This week I got my first PR thanks to Flyznex, he helped fix issue #234 Login has a very slow response and along implemented a better way to verify if a string is a valid email.
The issue came up when I found that sometime when I login it took a long time. I'd put my email/username and password in and click on the login button and nothing would happen, and after a while like a few seconds then it let me in.
PasswordSignInAsync
As Flyznex pointed in the PR, the SignInManager<TUser>
class in Asp.net Core Identity has two PasswordSignInAsync methods, one that takes in a string for userName while the other takes in a user object. If you call the one that takes in the userName, the method will call UserManager.FindByNameAsync(userName);
to look up the user first by its userName, hence you make an extra call to the database.
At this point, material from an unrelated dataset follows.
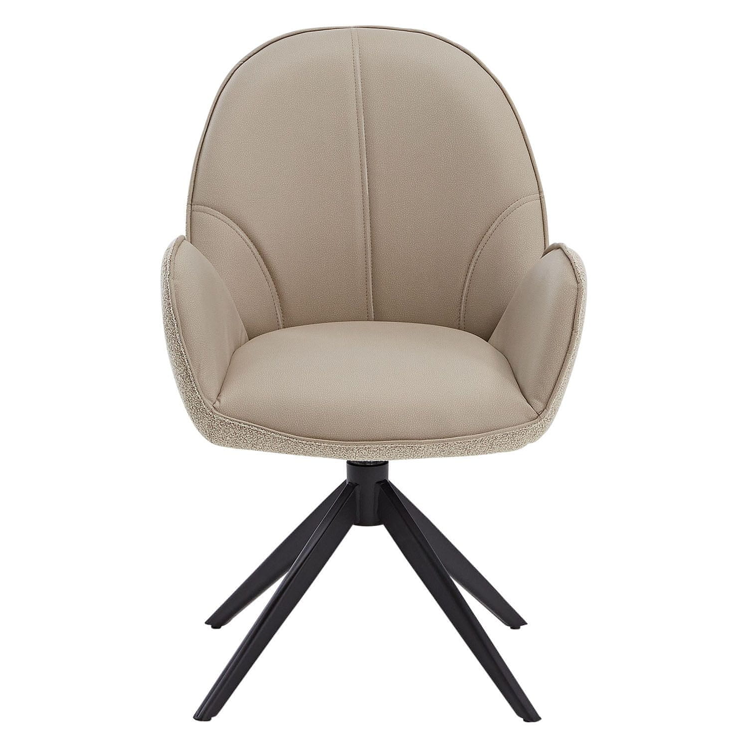 S tem kompletom 6 modernih jedilnih stolov lahko ustvarite prijeten prostor za druženje, obedovanje in sprostitev. Stoli imajo eleganten dizajn v bež barvi, ki združuje mehko bouclé in umetno usnje za prefinjeno ter udobno sedenje. Njihova ergonomska školjka sedeža, vrtljiva funkcija in robusten kovinski okvir jih naredijo za stilsko in praktično izbiro za vsako jedilnico ali dnevni prostor.
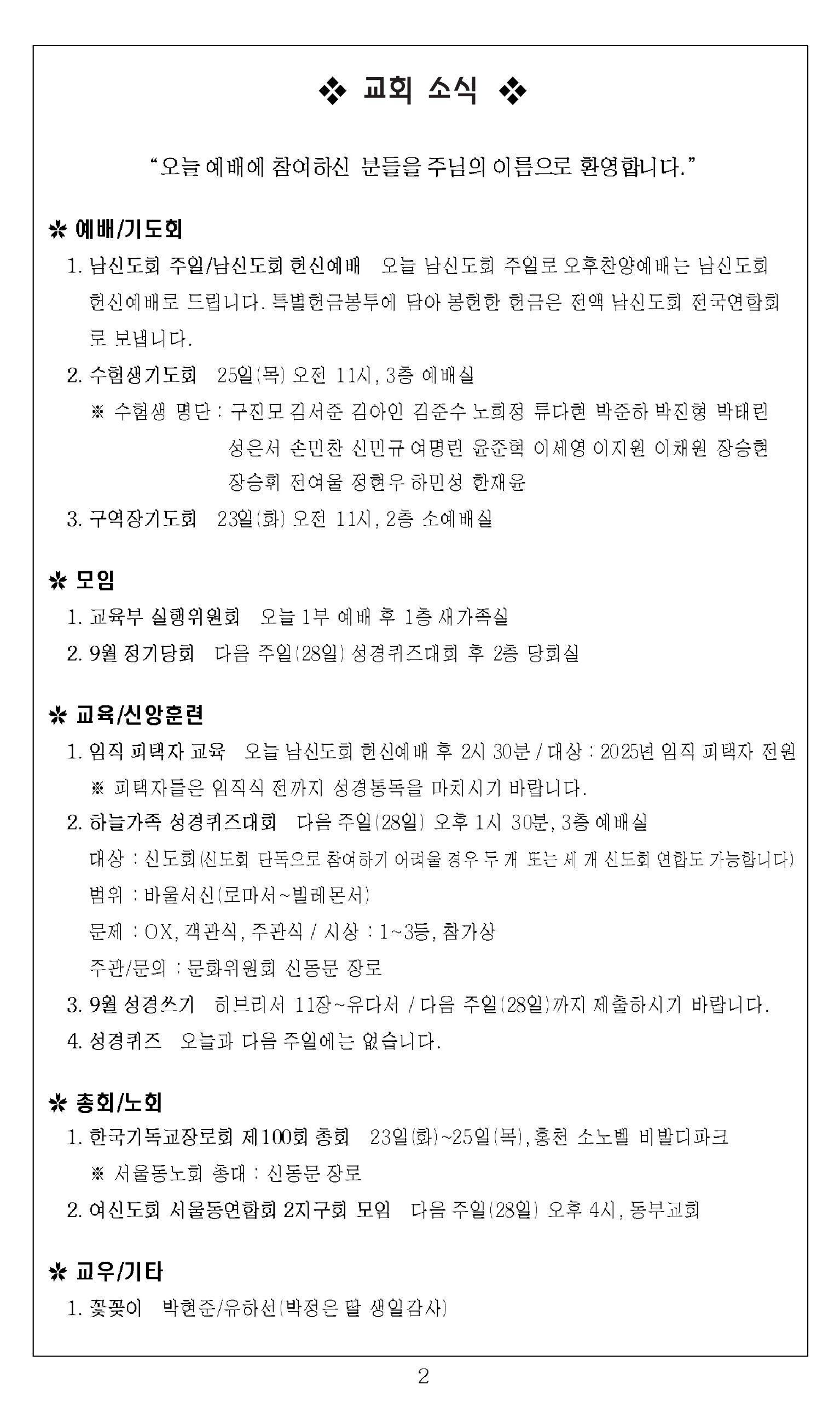 Á¦¸ñ 2025³â 9¿ù 21ÀÏ ±³È¸ÁÖº¸_âÁ¶Àý ¼Â°ÁÖÀÏ À̸§ °ü¸®ÀÚ (dk2031)

In my Login method I already looked the user up with its userName by calling my UserService method FindByEmailOrUsernameAsync(loginUser.UserName);
so I could just pass the user object to PasswordSignInAsync. My mistake was that I passed in user.UserName instead thus incurred the extra db call.
Verify if a string is valid email
On my login I allow user to use either either user name or email to login. When a user is logging in I first check if what's inputted is a valid email or not. If the string is not a valid email then the user is passing in his user name.
So checking if a string is email sounds easy but in reality it is very complex! If you don't believe me just take a look at Phil Haack's post I Knew How To Validate An Email Address Until I Read The RFC. Luckily there is a solution provided to us in the .NET documentation How to: Verify that Strings Are in Valid Email Format. And when you take a look at that implementation it's like 60 lines of C# code just to do this verification, for good reasons.
Before this PR I was using System.Net.Mail.MailAddress
class constructor to verify the validity of an email
// bad code, do not use! bool isEmail; try { new MailAddress(emailOrUsername); isEmail = true; } catch (FormatException) { isEmail = false; }
I originally thought good, less than 10 lines of code to get the same thing done. But this implementation is actually not reliable. Try pass in this string a@a
as input which is not a valid email, it actually returns true!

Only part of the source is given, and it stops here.